• What you have to do: Please print exactly the lines below, from the start of the material up to and including the line with "在建築的量體上以巨大的內縮圓", but none of the pictures.

• Records for this task:
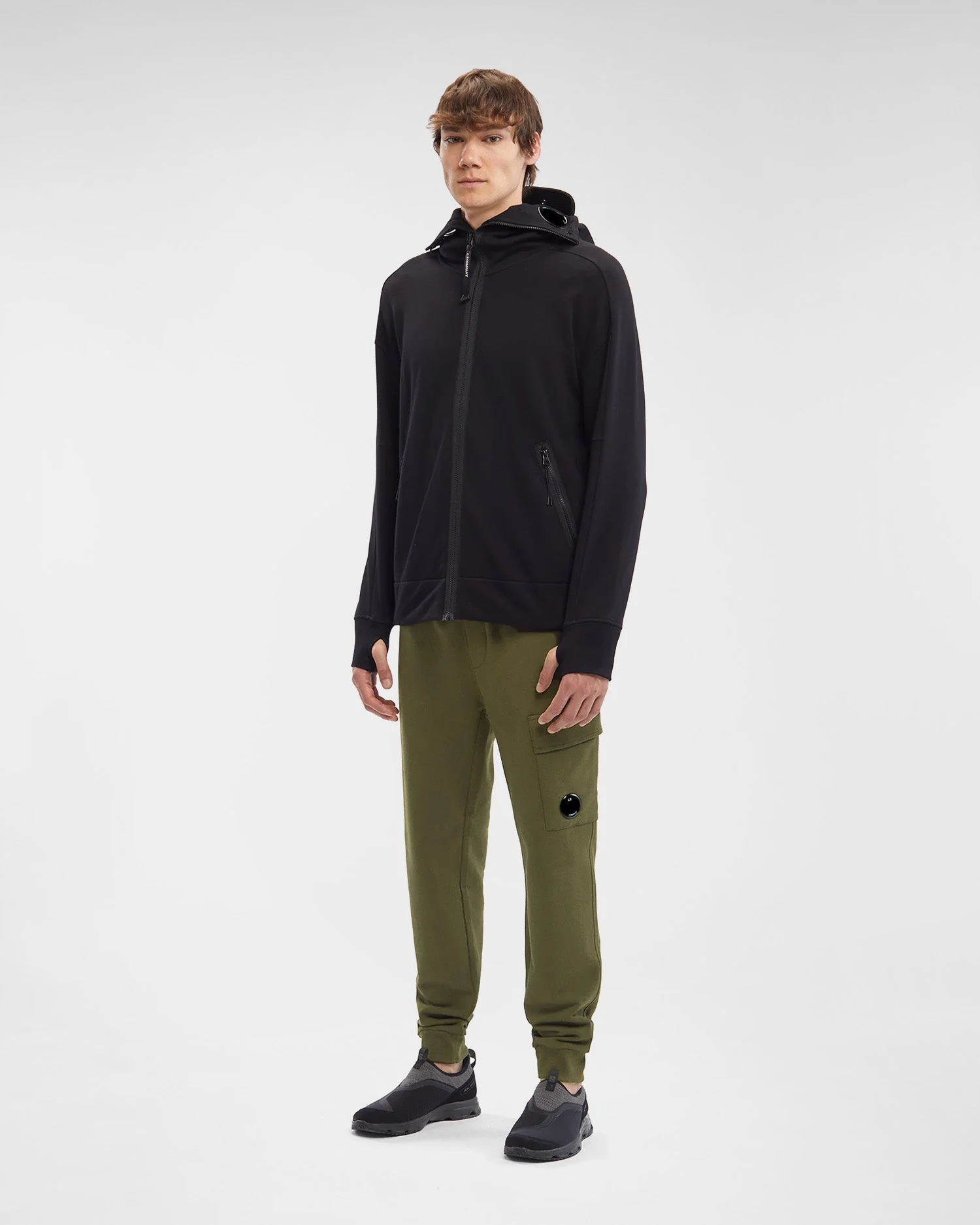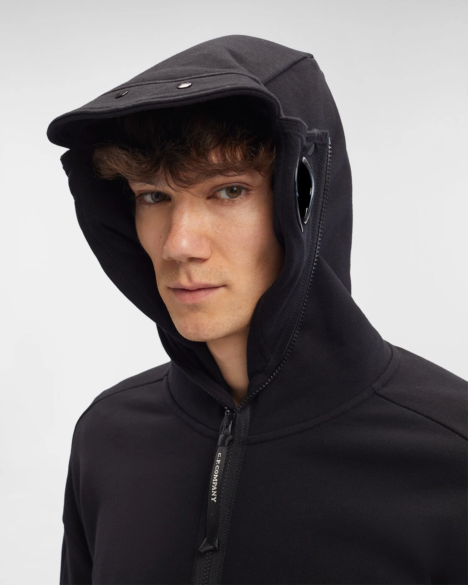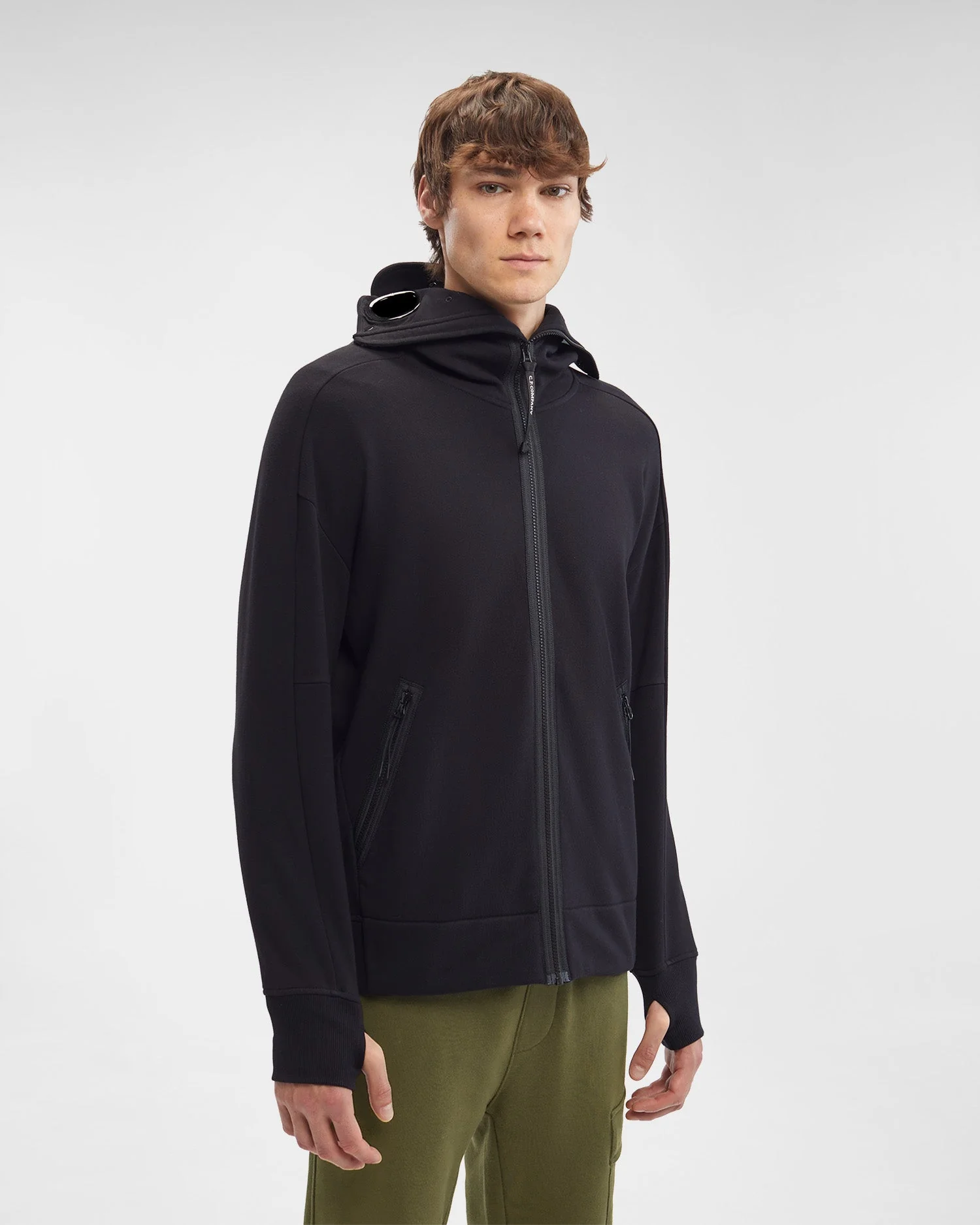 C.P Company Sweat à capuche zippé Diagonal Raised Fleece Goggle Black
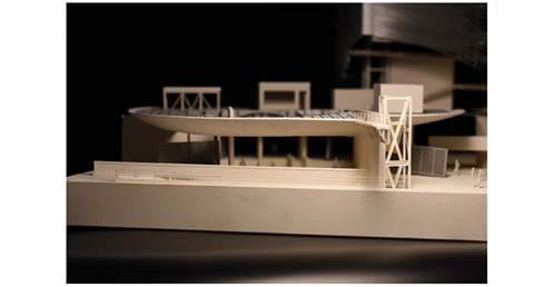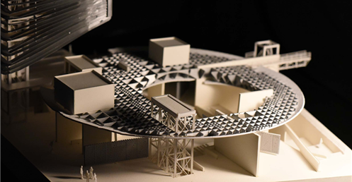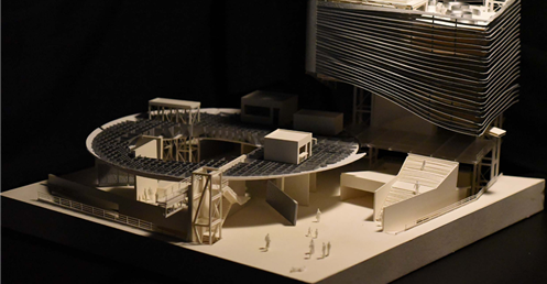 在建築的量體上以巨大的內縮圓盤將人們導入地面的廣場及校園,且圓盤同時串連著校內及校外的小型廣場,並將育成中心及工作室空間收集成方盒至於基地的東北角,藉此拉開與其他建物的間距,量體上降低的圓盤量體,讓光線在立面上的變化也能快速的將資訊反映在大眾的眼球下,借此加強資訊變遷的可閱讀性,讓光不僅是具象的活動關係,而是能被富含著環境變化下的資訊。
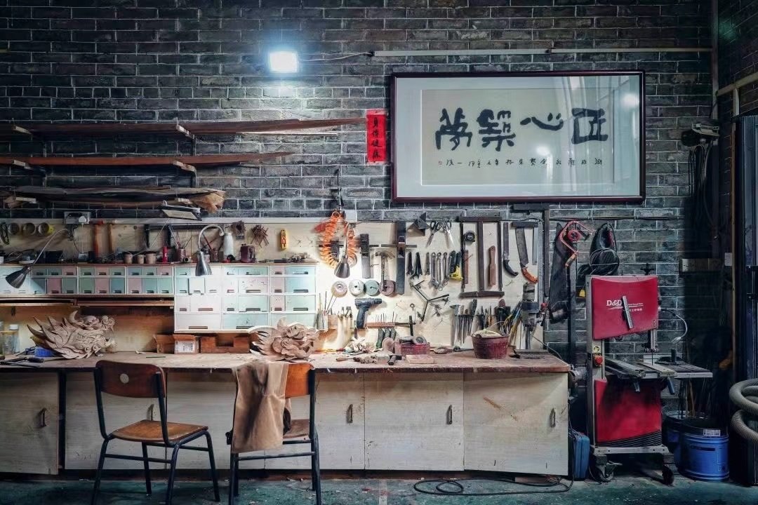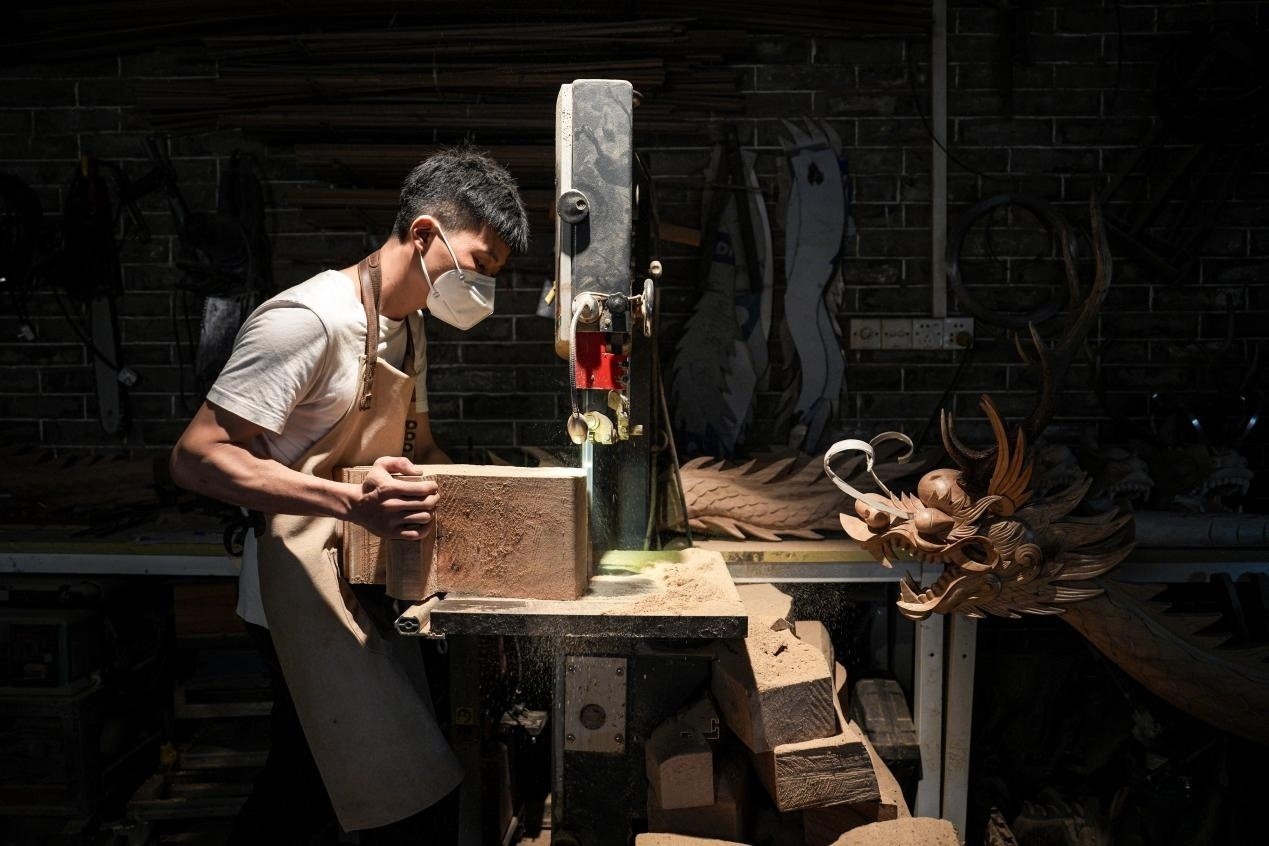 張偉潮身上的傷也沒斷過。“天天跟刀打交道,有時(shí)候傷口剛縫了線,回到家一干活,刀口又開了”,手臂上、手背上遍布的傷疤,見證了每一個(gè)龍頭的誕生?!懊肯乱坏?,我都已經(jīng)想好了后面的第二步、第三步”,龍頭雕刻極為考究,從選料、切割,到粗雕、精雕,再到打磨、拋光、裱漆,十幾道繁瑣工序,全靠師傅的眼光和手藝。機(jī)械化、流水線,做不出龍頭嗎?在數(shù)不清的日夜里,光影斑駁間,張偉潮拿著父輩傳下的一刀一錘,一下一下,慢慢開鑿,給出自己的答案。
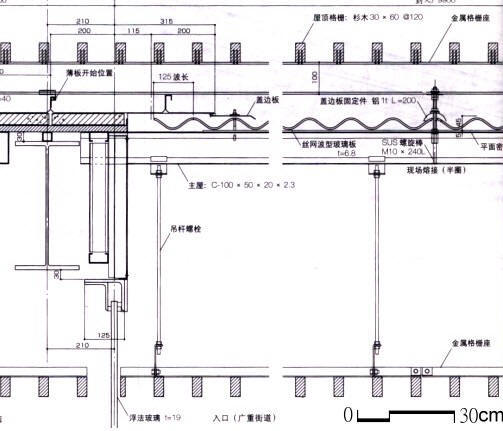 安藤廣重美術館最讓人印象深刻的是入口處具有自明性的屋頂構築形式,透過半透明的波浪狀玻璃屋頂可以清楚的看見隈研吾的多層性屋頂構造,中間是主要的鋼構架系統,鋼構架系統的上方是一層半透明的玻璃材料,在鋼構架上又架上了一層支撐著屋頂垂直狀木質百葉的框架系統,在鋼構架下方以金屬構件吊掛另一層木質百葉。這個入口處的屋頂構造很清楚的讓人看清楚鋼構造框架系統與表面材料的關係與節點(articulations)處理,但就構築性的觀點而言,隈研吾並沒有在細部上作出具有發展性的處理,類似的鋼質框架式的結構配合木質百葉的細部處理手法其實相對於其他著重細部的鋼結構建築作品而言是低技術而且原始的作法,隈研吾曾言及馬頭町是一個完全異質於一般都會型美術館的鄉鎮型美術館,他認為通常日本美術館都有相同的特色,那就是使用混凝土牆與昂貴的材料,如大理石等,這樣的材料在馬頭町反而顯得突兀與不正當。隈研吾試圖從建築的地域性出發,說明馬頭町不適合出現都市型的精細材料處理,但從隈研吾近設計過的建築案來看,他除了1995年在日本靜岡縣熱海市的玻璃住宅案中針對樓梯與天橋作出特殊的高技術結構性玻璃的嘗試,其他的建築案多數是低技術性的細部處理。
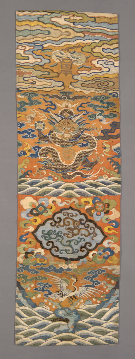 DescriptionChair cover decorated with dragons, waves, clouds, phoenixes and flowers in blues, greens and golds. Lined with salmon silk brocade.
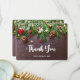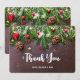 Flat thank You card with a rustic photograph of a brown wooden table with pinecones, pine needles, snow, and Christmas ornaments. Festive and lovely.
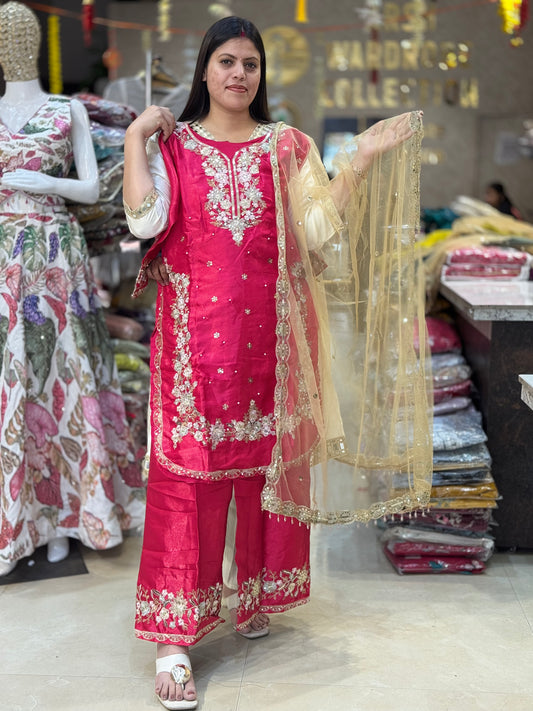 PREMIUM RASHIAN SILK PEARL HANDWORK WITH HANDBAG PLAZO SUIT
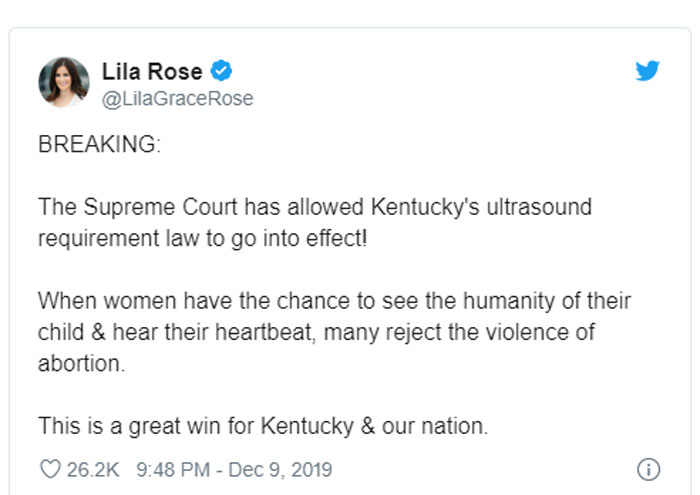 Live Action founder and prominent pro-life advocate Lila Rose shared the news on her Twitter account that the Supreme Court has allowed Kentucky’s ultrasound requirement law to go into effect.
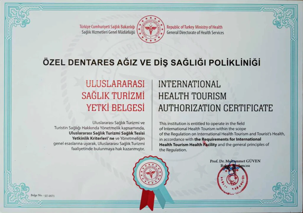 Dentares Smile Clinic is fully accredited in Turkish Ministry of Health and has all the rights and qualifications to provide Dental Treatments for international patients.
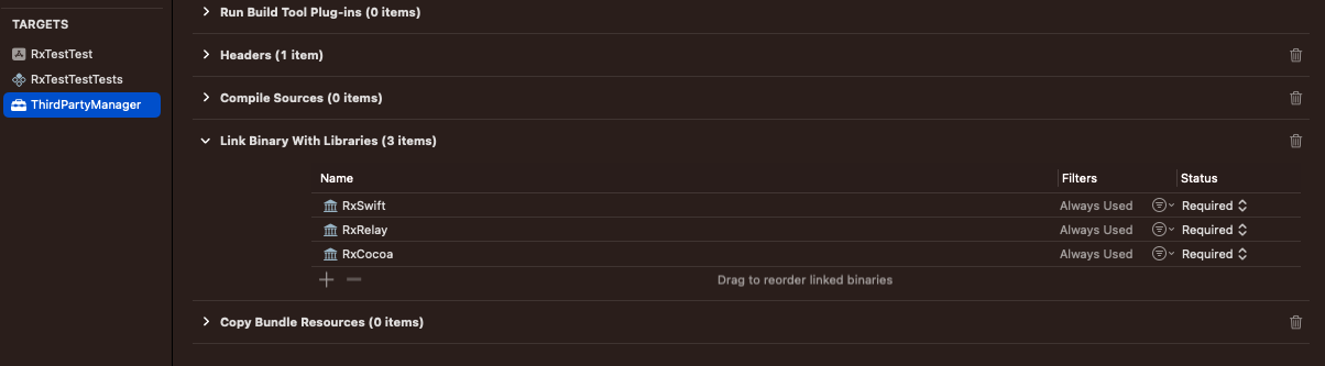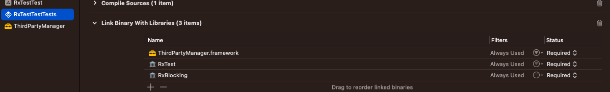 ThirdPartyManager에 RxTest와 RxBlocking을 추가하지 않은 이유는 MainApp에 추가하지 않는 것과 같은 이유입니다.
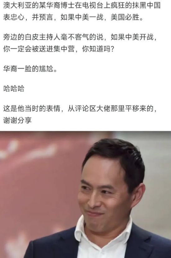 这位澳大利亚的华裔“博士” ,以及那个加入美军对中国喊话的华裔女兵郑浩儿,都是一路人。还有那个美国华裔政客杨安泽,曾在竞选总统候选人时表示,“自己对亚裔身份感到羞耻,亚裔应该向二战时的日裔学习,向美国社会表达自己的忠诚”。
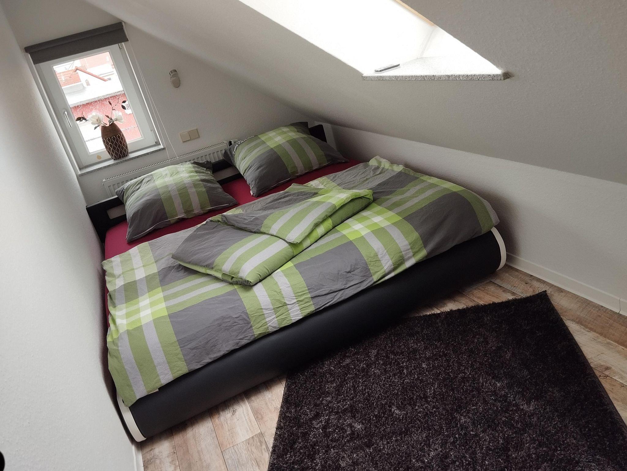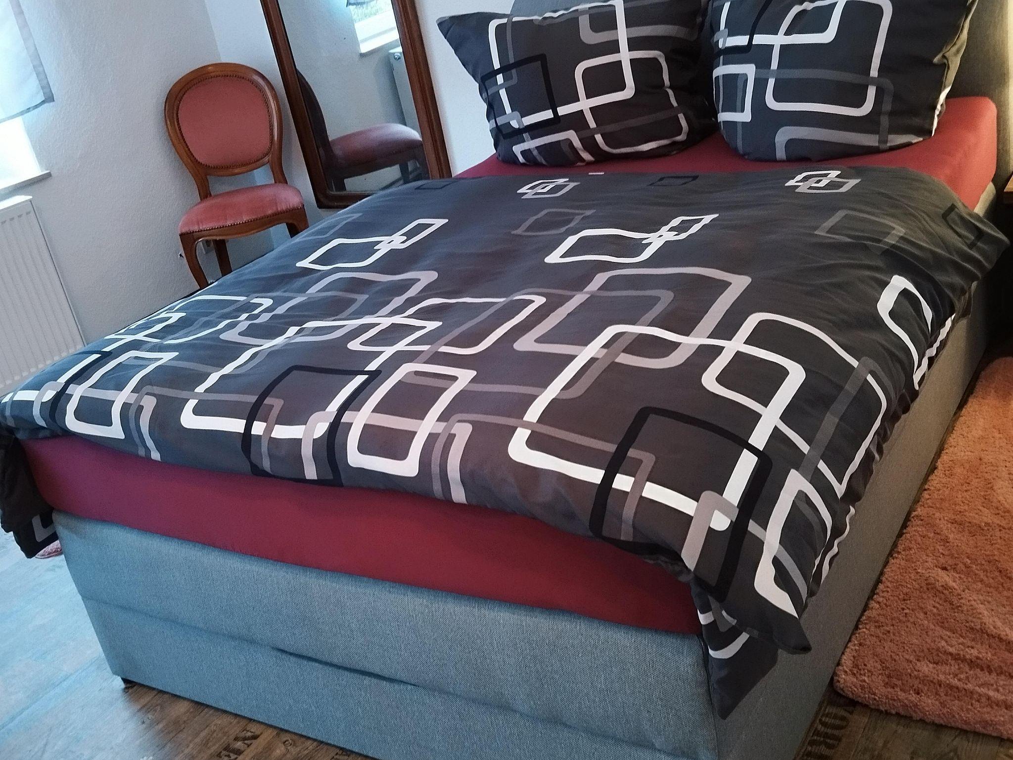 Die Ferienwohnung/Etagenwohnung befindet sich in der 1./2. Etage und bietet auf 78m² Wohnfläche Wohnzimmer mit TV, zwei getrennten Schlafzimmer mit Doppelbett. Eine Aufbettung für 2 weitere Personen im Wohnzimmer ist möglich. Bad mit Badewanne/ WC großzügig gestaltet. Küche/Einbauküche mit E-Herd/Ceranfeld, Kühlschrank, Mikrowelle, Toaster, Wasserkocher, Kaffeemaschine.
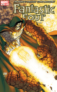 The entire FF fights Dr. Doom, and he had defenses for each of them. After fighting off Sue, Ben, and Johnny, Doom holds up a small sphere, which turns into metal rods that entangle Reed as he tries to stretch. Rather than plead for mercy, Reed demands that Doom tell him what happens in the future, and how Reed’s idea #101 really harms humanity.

• Exercise output:
 C.P Company Sweat à capuche zippé Diagonal Raised Fleece Goggle Black
 在建築的量體上以巨大的內縮圓盤將人們導入地面的廣場及校園,且圓盤同時串連著校內及校外的小型廣場,並將育成中心及工作室空間收集成方盒至於基地的東北角,藉此拉開與其他建物的間距,量體上降低的圓盤量體,讓光線在立面上的變化也能快速的將資訊反映在大眾的眼球下,借此加強資訊變遷的可閱讀性,讓光不僅是具象的活動關係,而是能被富含著環境變化下的資訊。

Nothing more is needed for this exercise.